You design an open-ended AGI architecture, and use the ideal from step 2 to supply it with a goal.
To me, that defines a research program that’s just full of highly concrete tasks waiting to be carried out. Some of them may be very difficult or abstract, but nothing leaves me feeling helpless, with no idea where to begin. However, you need to know something about ordinary AI (try this), and you need to have some idea of what a computational model of human decision making might look like (simple examples).
Why do we need to know about meta-ethics? Why would we even think there is such a thing as human meta-ethics?
Meta-ethics may be relevant for crafting ways to approach the problem. But I don’t see how it is a descriptive project answerable with the techniques of cognitive neuroscience the way you describe. I also don’t see why an AI would need to know whether we were cognitivists or non-cognitivists to know how we want it to act.
I can think of a way it could matter. If we’re non-cognitivists, we think our moral discourse consists of speech acts, so when we argue over morality we’re actually issuing imperatives, or declaring universal imperatives exist. If we’re cognitivists, we’re talking about what is the case. There could very well be grounds for a FAI to treat an imperative and a proposition differently. Doesn’t mean the distinction actually matters, but it’s not obviously irrelevant.

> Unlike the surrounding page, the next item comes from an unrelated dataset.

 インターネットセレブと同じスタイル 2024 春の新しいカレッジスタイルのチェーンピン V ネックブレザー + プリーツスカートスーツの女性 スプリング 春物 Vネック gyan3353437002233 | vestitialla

So it would be sloppy to code what you want an AI to do the way you code propositions/beliefs. That is, you don’t want to fit the bulk of the goal architecture inside it’s belief networks. Nor certainly, should you expect the AI to learn moral truths by looking at the world. Once you tell it to care about what people want, then it can look at people to find that out- but it can’t learn to care about what people want just by observing the world. Those kind of moral facts don’t exist. So certainly knowing things about meta-ethics will help create an FAI.
But that’s an argument for smart people to spend time thinking about meta-ethics. It’s not an argument for a descriptive program that finds folk-metaethics to form the the goal architecture of an AI. For one thing, most humans seem to have really confused meta-ethical beliefs.

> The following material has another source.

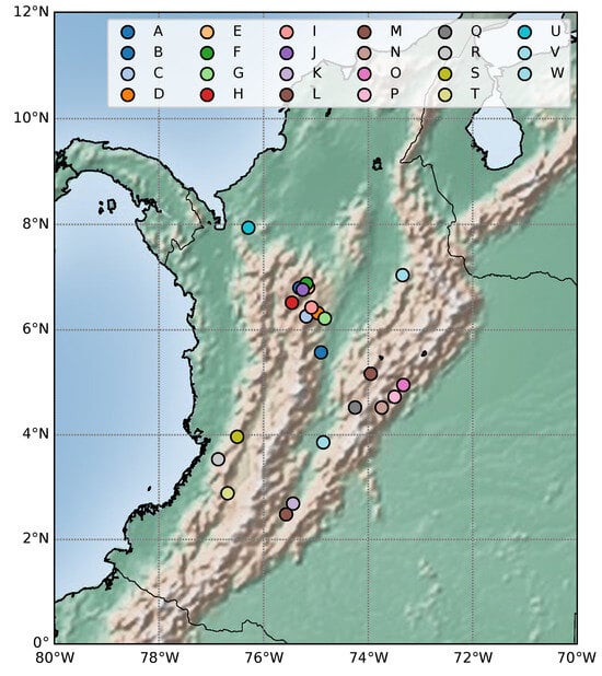 One country heavily dependent on hydroelectric power generation with a dispersed reservoir system is Colombia. The country projects a hydroelectric generation of more than 60% of the national demand by 2030 [,]. Colombia also conducts comprehensive studies on hydroelectric systems aiming at the established environmental sustainability objectives and policies for adopting renewable energies. Hence, studying these systems allows for a better understanding of their potential, efficient management, and contribution to environmental objectives, fostering the country’s energy autonomy. However, Colombia’s unique geographical and climatic characteristics introduce additional challenges in the operation and management of hydroelectric systems. The overall climatic diversity causes high heterogeneity in hydrology, both temporally and spatially, presenting challenges in understanding and prediction []. Accordingly, hydrological models must explain the time-varying water resources and quantify their impact on hydroelectric planning and generation.

On reflection, I think by ‘metaethical thought’ Mitchell probably meant the normative theory that describes human ethics. I don’t think there is one of those either, but it’s not obviously wrong and certainly makes more sense.
I meant: innate cognitive architecture which plays a role in metaethical thought.

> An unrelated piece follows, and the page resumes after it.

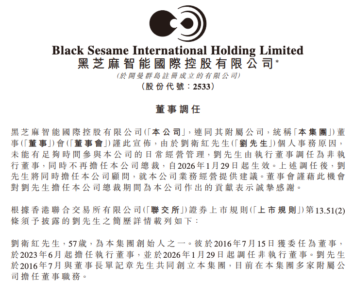 1月30日消息,黑芝麻智能国际控股有限公司(HK:2533)于2026年1月29日发布公告,宣布董事会成员刘卫红先生由执行董事调任为非执行董事,同时不再担任公司总裁,即日生效。

You might be familiar with the idea that, according to CEV, you figure out the full complexity of human value using neuroscience (rather than relying on people’s opinions about what they value), and then you “extrapolate” or “renormalize” that using “reflective decision theory” (which does not yet exist). The idea here is that the method of extrapolation should also be extracted from the details of human cognitive architecture, rather than just figured out through intuition or pure reason.
Suppose we have a person—or an intelligent agent—with a particular “value system” or “private decision theory”. Note that we are talking about its actual decision theory, as embodied in its causal structure and decision-making dispositions, and not just its introspective opinions about how it decides. Given this actual value system, RDT is supposed to tell us what would happen to that value system if it were changed according to its own implicit ideals. All I’m saying is that there’s a meta-ethical relativism for RDT, for large classes of decision architecture. Different theories about how to normatively self-modify a decision architecture ought to be possible, and the selection of which RDT is used should also be derived from the agent’s own cognitive architecture.
Of course you can go meta again and say, maybe the RDT extraction procedure can also take different forms—etc. It’s one of the tasks of the FAI/CEV/RDT research program to figure out when and how the ethical metalevels stop.
Thanks for your interesting comment.
I imagine that writing up a description of many such concrete tasks would help clarify the situation; I’d encourage you to do so if you have some time.
Yes, I don’t have subject matter knowledge. Thanks for the links.